» TASK DATA
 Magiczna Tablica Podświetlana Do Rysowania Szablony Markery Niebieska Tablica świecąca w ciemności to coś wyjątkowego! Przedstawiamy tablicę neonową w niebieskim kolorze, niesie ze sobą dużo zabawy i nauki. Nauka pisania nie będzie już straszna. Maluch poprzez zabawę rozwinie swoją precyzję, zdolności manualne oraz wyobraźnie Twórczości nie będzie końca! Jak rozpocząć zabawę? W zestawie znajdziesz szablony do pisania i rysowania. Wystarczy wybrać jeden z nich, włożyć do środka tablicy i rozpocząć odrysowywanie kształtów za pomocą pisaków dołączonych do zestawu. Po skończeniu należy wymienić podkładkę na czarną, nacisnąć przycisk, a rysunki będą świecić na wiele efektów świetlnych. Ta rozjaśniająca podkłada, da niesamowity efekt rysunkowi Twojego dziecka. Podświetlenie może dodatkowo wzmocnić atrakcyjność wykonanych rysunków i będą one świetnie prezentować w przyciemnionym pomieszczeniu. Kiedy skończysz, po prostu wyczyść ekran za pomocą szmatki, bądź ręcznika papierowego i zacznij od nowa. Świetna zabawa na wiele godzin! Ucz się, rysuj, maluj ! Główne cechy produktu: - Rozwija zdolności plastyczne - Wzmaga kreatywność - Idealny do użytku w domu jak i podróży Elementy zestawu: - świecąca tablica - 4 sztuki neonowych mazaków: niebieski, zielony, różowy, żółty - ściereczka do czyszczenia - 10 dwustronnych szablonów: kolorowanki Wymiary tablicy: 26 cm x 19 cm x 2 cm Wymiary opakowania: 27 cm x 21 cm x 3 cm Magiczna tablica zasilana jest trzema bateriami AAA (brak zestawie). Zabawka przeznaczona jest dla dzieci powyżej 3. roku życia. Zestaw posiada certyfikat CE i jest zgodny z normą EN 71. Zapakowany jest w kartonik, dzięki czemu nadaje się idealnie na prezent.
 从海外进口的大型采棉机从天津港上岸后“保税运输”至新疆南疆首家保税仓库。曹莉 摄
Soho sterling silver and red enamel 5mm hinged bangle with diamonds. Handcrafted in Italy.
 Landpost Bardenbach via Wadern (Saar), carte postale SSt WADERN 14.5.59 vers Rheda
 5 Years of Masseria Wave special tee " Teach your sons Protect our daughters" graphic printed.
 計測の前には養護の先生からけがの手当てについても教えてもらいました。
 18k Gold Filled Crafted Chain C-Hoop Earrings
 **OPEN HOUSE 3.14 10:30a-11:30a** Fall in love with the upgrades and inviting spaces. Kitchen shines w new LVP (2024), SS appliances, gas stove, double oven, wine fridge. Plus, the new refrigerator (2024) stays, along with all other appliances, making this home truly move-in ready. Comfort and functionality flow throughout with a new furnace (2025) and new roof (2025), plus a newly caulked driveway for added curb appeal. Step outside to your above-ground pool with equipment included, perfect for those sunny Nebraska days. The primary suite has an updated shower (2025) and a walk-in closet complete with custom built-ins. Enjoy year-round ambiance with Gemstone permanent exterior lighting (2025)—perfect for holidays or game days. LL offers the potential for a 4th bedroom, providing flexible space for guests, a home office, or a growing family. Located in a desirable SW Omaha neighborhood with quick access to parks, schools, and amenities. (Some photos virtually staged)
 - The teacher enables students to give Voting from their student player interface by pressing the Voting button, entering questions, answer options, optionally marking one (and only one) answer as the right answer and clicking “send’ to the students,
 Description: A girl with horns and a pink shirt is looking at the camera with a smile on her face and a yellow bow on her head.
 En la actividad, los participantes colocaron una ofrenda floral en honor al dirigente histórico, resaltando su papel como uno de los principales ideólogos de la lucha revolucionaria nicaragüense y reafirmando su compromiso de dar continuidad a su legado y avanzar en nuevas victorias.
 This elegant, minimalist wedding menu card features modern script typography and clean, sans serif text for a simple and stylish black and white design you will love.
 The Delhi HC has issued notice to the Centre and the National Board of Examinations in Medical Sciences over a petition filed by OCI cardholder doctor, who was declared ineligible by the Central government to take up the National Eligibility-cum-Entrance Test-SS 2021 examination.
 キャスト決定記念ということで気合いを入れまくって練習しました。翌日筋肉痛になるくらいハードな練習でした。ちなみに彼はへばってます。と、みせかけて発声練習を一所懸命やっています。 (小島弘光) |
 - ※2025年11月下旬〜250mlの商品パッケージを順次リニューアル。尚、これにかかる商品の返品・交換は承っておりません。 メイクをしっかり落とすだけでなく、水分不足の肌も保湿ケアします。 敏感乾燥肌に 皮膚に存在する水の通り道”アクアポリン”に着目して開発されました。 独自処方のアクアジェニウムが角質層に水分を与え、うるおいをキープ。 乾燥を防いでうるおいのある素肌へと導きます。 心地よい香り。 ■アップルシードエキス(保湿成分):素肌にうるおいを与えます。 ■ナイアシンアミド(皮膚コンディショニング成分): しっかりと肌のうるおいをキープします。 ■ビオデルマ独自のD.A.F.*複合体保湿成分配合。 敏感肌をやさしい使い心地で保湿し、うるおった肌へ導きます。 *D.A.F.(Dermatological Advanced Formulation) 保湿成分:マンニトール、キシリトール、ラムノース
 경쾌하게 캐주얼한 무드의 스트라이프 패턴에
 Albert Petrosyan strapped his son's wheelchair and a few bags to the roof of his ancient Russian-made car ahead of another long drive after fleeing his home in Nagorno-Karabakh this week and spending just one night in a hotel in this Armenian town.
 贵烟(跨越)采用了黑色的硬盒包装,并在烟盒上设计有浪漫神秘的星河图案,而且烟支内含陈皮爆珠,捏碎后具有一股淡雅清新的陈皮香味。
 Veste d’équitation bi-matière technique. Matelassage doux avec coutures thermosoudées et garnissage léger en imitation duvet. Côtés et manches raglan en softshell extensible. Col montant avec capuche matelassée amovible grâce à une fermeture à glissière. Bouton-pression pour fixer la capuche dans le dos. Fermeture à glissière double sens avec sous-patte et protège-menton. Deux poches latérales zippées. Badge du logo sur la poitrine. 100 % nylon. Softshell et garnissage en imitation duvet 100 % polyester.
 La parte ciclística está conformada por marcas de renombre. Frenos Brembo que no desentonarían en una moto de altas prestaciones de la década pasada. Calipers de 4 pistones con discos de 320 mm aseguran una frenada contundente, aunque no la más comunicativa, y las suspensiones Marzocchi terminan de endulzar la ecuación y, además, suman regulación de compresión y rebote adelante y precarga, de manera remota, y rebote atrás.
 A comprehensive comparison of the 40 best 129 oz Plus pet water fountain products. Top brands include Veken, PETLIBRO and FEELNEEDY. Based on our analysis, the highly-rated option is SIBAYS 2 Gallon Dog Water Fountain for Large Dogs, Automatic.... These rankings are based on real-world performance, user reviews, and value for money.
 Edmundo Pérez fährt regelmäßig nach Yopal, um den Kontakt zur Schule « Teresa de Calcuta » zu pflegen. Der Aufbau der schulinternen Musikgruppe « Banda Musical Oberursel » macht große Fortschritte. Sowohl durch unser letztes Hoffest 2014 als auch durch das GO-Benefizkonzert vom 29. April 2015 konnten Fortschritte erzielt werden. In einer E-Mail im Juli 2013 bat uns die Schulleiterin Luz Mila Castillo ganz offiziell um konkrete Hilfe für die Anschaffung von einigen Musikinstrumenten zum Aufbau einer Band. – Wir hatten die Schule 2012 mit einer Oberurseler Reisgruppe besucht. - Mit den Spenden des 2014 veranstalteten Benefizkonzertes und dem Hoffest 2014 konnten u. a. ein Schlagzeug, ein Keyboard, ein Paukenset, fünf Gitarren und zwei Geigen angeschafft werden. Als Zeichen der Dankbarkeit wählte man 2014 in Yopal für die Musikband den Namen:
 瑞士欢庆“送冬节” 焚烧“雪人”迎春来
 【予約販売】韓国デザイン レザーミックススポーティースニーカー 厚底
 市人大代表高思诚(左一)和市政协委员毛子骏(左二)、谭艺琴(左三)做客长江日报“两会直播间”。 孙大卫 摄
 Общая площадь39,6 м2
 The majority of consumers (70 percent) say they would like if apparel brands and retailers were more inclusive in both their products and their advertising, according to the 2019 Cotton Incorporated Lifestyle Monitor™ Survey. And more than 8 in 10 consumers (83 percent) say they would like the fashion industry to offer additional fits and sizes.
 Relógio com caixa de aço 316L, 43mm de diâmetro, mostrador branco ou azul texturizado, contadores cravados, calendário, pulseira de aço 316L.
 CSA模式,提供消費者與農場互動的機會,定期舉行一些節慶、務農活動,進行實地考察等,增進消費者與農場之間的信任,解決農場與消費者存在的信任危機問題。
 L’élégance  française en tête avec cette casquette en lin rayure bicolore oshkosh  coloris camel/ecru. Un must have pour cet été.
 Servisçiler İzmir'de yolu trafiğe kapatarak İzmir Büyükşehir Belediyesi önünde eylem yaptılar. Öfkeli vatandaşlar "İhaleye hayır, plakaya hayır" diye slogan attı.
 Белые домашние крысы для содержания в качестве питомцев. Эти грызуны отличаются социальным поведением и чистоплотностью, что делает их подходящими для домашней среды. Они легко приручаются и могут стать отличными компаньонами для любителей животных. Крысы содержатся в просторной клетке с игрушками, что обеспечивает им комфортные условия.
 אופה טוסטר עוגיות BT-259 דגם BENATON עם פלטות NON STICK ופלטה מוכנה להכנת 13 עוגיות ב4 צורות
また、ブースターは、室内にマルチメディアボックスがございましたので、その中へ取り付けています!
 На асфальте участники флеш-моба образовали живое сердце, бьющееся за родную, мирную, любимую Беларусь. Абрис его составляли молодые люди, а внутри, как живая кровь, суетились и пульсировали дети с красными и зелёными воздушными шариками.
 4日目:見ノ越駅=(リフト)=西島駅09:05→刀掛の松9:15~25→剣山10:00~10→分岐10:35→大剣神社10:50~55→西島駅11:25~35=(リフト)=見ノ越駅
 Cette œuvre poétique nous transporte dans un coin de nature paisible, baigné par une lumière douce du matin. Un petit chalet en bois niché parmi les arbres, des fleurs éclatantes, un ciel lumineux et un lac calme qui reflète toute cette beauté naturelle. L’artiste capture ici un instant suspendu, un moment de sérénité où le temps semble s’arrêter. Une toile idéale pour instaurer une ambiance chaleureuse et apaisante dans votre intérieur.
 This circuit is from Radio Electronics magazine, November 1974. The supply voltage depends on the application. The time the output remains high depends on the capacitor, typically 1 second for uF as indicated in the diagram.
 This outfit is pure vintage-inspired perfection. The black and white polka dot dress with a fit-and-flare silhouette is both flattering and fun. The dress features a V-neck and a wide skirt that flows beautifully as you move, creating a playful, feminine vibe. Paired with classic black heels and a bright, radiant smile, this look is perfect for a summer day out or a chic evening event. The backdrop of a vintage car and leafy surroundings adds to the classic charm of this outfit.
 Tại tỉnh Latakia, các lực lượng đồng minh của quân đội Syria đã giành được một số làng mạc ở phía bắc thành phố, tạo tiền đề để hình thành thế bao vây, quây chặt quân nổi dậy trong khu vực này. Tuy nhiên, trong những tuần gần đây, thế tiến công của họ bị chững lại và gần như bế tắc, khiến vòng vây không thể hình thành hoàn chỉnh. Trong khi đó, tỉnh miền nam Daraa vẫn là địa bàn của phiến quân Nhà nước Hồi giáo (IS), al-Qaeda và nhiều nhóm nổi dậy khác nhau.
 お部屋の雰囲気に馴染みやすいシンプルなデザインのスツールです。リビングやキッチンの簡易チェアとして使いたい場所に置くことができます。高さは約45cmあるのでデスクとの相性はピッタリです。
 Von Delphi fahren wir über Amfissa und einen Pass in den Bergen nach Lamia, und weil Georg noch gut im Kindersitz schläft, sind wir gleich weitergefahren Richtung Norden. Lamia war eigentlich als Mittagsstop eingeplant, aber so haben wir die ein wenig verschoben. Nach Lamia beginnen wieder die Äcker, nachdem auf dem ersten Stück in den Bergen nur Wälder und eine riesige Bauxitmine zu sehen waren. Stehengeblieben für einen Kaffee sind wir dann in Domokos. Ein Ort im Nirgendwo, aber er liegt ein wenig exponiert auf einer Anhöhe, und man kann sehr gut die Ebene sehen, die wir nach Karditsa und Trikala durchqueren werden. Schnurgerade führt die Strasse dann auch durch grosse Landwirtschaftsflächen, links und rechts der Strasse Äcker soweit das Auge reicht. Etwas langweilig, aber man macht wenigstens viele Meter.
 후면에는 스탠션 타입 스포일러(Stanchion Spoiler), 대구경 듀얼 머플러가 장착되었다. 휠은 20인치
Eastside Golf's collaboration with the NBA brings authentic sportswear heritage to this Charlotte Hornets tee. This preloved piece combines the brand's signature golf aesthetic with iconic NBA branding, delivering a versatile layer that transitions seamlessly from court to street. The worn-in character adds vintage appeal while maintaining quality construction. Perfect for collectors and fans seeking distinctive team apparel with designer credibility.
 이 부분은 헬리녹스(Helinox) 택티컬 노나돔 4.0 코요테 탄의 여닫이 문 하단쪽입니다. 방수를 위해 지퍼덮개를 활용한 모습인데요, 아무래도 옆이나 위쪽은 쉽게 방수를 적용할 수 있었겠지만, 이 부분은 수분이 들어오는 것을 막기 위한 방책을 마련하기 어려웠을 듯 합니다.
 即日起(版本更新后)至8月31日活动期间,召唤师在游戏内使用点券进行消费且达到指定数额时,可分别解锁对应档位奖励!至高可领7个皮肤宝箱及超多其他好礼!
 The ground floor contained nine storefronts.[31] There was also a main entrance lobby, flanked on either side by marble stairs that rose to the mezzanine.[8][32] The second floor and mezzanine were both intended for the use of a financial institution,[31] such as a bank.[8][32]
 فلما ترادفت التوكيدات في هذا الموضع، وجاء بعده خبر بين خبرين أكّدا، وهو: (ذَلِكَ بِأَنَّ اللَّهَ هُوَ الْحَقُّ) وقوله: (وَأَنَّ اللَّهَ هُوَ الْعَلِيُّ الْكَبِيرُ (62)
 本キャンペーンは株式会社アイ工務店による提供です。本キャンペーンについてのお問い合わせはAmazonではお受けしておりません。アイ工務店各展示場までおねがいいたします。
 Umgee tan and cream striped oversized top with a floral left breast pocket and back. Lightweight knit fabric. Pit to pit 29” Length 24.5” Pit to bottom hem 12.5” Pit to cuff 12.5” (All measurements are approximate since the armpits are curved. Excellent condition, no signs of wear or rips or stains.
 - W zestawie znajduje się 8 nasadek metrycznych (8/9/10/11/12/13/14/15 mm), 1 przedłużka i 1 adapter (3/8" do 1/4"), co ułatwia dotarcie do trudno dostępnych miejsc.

» AIM OF THE EXERCISE
Return the span of lines in the data above that opens at the line with "从海外进口的大型采棉机从天津" and closes at the line with "Landpost Bardenbach via", exactly, ends included, nothing else.

» RESULT OF THIS TASK
 从海外进口的大型采棉机从天津港上岸后“保税运输”至新疆南疆首家保税仓库。曹莉 摄
Soho sterling silver and red enamel 5mm hinged bangle with diamonds. Handcrafted in Italy.
 Landpost Bardenbach via Wadern (Saar), carte postale SSt WADERN 14.5.59 vers Rheda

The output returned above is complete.